■ **WHAT NEEDS TO BE DONE**
Using the entries that follow, transcribe only the lines from the line with "We were delighted" to the line with "Na plech připravte", both included, exactly as they stand and without pictures.

DATA below:

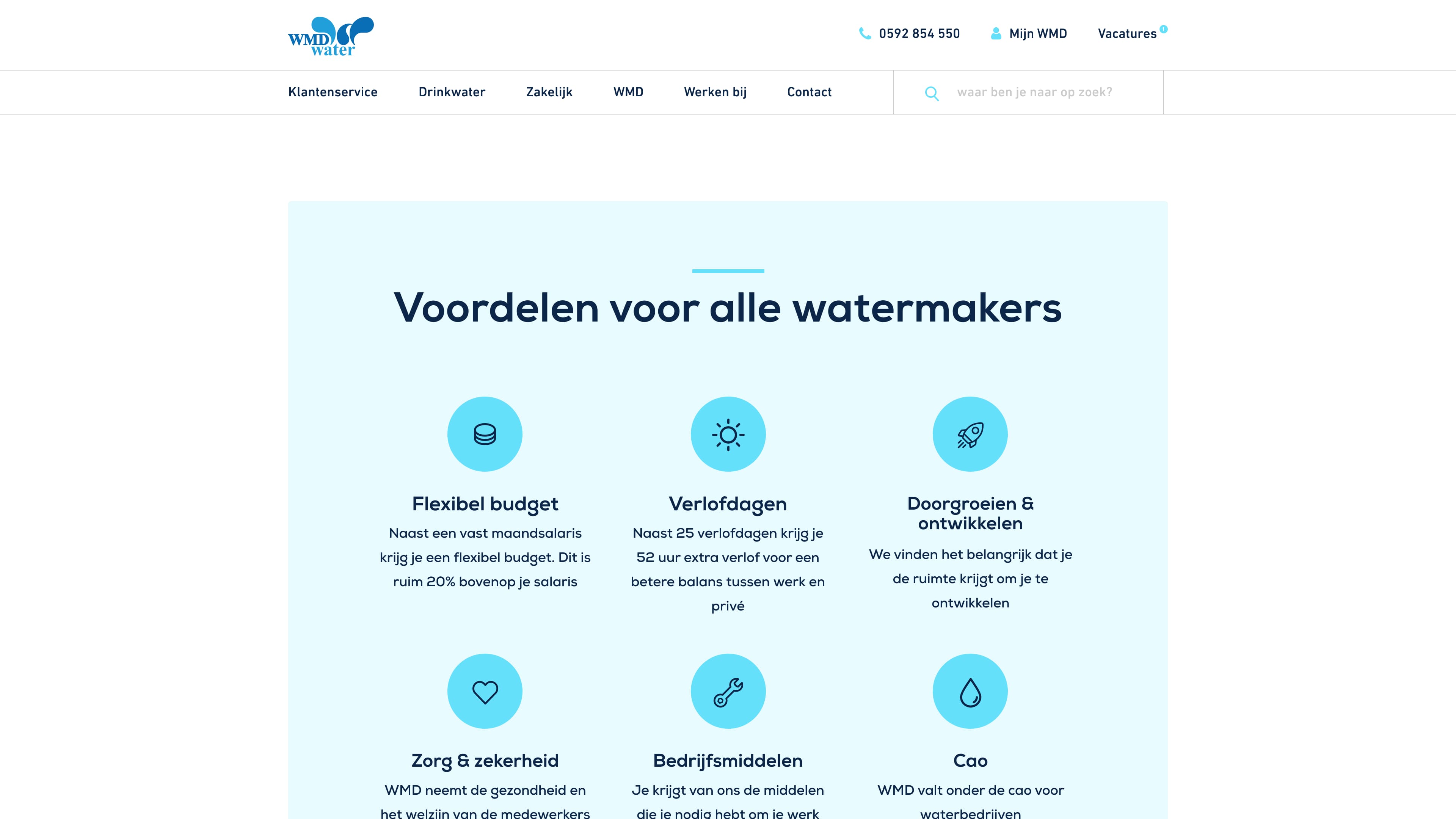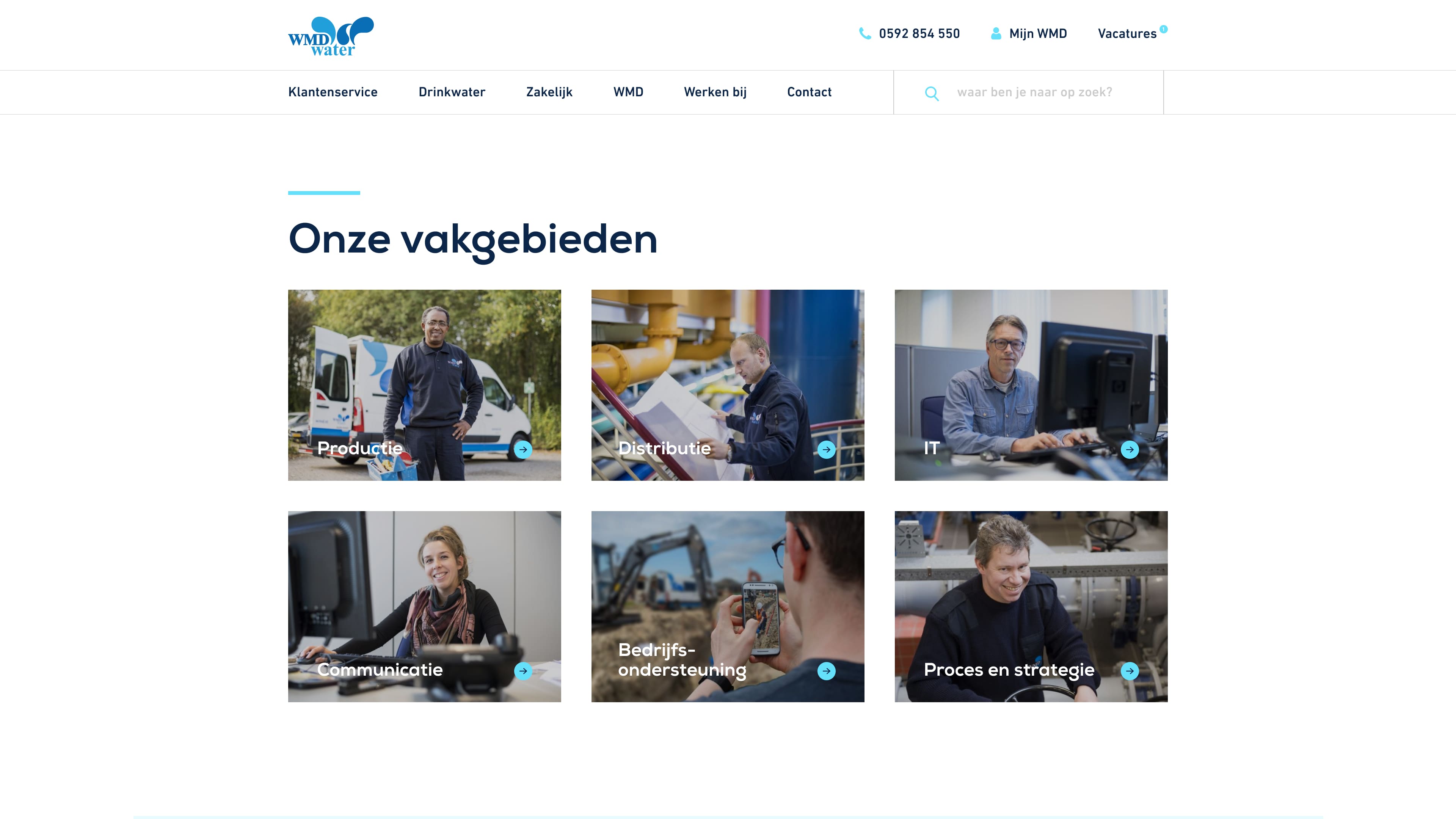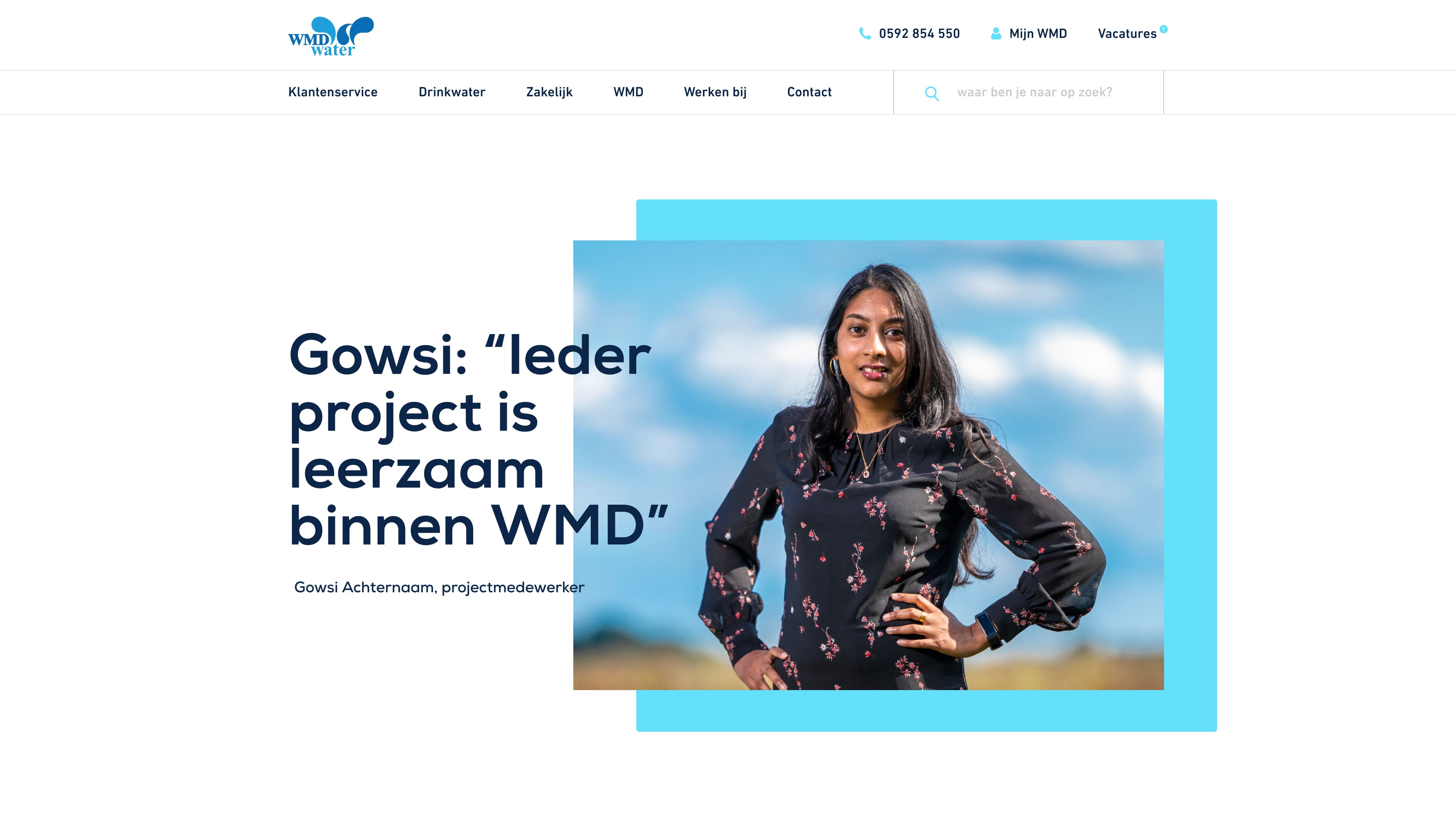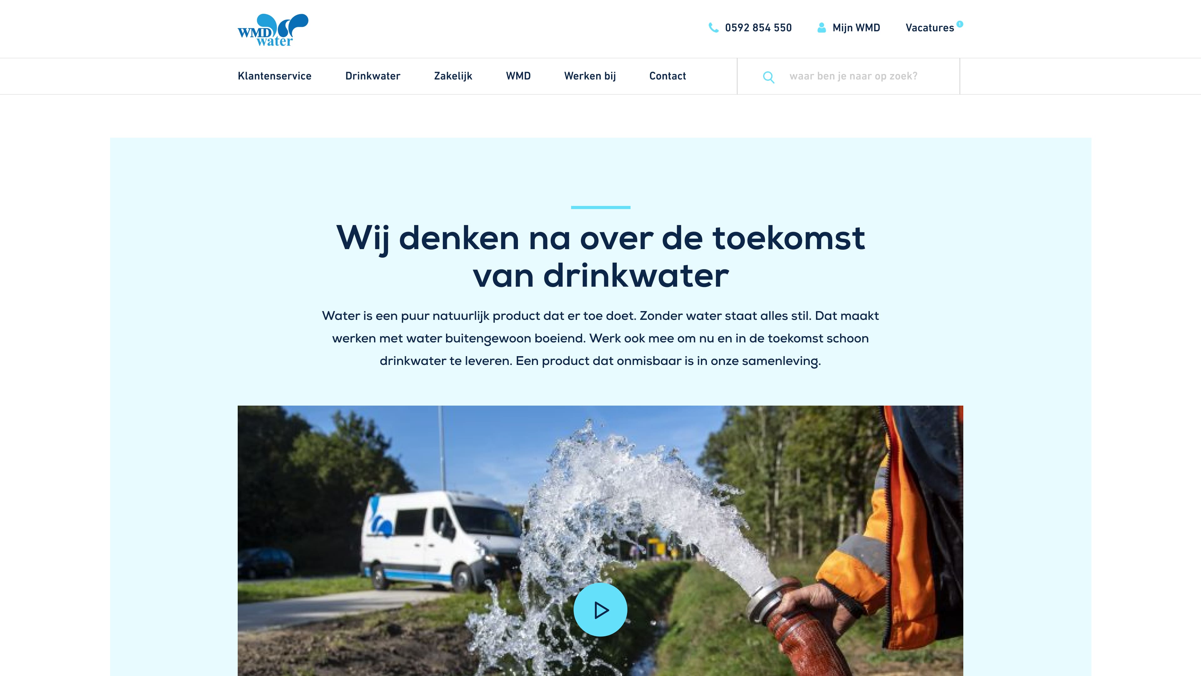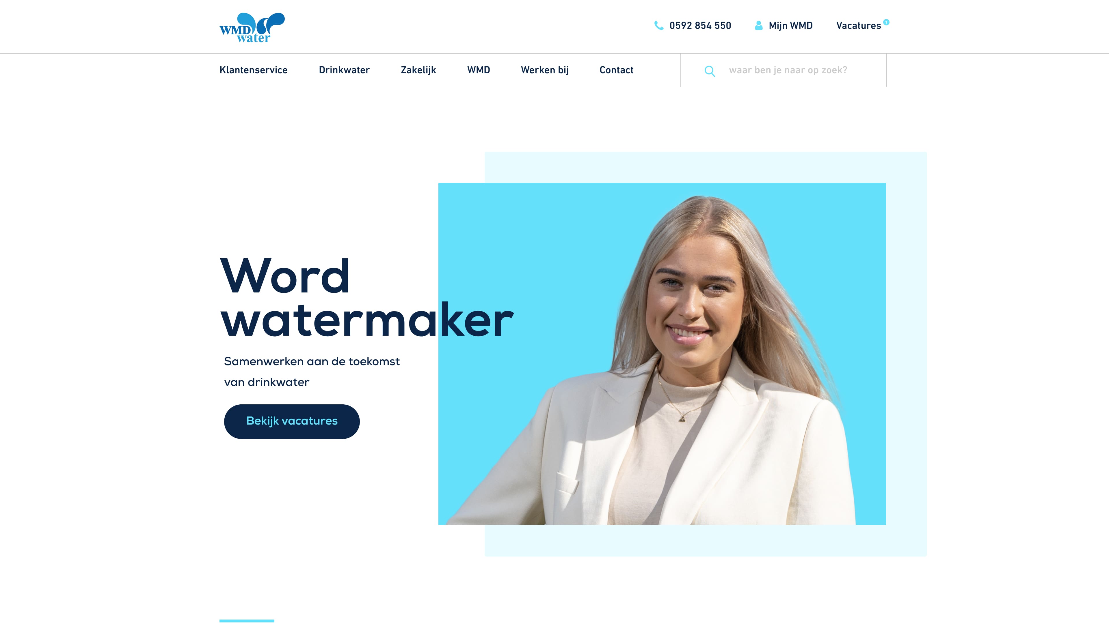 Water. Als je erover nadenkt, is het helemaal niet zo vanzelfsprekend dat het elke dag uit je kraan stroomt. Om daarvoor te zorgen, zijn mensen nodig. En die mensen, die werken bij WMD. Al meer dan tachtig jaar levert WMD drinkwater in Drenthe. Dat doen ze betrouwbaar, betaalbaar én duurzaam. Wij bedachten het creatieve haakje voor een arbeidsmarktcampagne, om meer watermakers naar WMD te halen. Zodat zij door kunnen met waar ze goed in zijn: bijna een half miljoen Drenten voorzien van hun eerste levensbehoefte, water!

End of DATA.
DATA below:

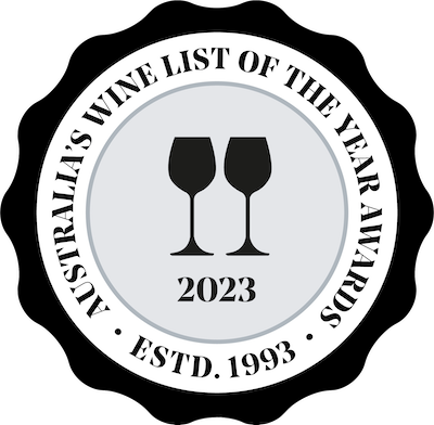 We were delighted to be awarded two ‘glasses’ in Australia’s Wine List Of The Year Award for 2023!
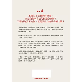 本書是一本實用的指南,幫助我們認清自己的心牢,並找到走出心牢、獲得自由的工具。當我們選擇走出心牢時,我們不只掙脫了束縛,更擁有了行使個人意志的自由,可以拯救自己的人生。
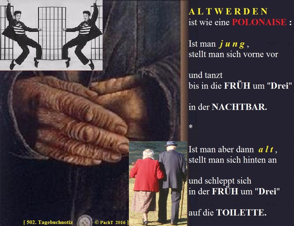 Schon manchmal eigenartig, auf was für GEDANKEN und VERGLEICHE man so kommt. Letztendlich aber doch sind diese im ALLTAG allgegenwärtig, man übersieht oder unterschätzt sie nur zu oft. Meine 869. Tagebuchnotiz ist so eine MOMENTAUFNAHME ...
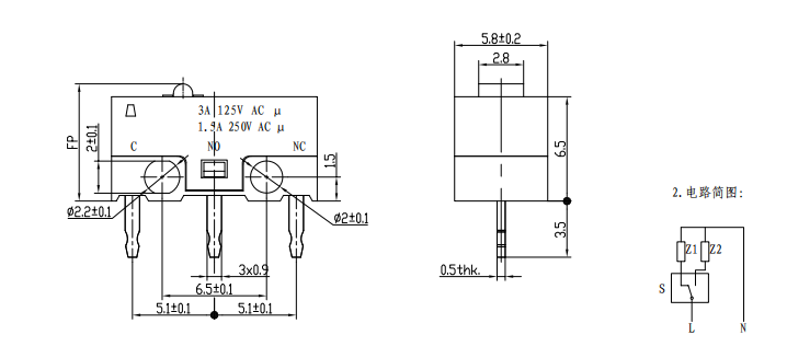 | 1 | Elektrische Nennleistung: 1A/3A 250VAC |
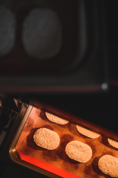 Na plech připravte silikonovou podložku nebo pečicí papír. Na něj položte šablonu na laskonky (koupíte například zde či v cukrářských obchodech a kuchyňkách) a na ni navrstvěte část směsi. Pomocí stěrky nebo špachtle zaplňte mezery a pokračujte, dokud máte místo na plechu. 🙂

End of DATA.

■ **SOLUTION**
 We were delighted to be awarded two ‘glasses’ in Australia’s Wine List Of The Year Award for 2023!
 本書是一本實用的指南,幫助我們認清自己的心牢,並找到走出心牢、獲得自由的工具。當我們選擇走出心牢時,我們不只掙脫了束縛,更擁有了行使個人意志的自由,可以拯救自己的人生。
 Schon manchmal eigenartig, auf was für GEDANKEN und VERGLEICHE man so kommt. Letztendlich aber doch sind diese im ALLTAG allgegenwärtig, man übersieht oder unterschätzt sie nur zu oft. Meine 869. Tagebuchnotiz ist so eine MOMENTAUFNAHME ...
 | 1 | Elektrische Nennleistung: 1A/3A 250VAC |
 Na plech připravte silikonovou podložku nebo pečicí papír. Na něj položte šablonu na laskonky (koupíte například zde či v cukrářských obchodech a kuchyňkách) a na ni navrstvěte část směsi. Pomocí stěrky nebo špachtle zaplňte mezery a pokračujte, dokud máte místo na plechu. 🙂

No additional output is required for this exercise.